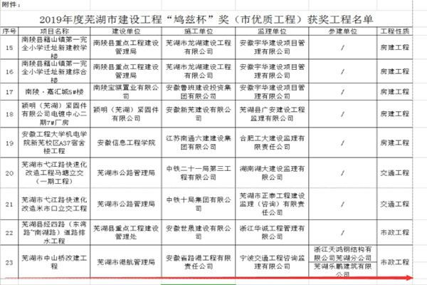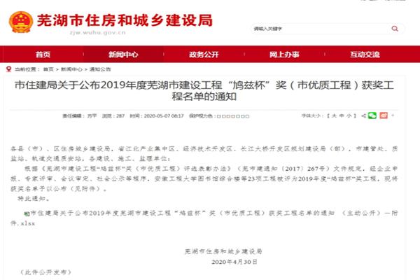 近日,蕪湖市住建局公布了2019年蕪湖市建設(shè)工程“鳩茲杯”獎(市優(yōu)質(zhì)工程)獲獎工程名單。安徽路港承建的蕪湖市中山橋改建工程榜上有名,也是公司首個項目獲此殊榮。
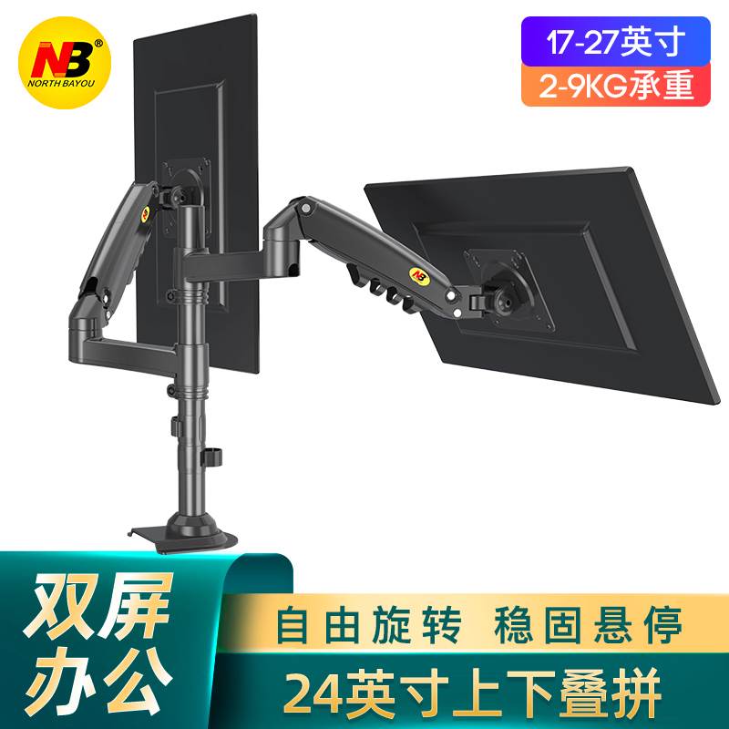 NB双屏电脑显示器支架臂伸缩旋转悬空通用桌面显示屏升降台式底座
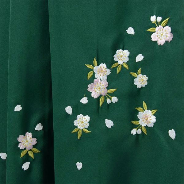 袴は緑地に桜の刺繍。(商品画像1枚目の袴とは異なります。)

### PROBLEM STATEMENT
Would you provide an exact, picture-free copy of the data above?

### WRITTEN SOLUTION
 近日,蕪湖市住建局公布了2019年蕪湖市建設(shè)工程“鳩茲杯”獎(市優(yōu)質(zhì)工程)獲獎工程名單。安徽路港承建的蕪湖市中山橋改建工程榜上有名,也是公司首個項目獲此殊榮。
 NB双屏电脑显示器支架臂伸缩旋转悬空通用桌面显示屏升降台式底座
 袴は緑地に桜の刺繍。(商品画像1枚目の袴とは異なります。)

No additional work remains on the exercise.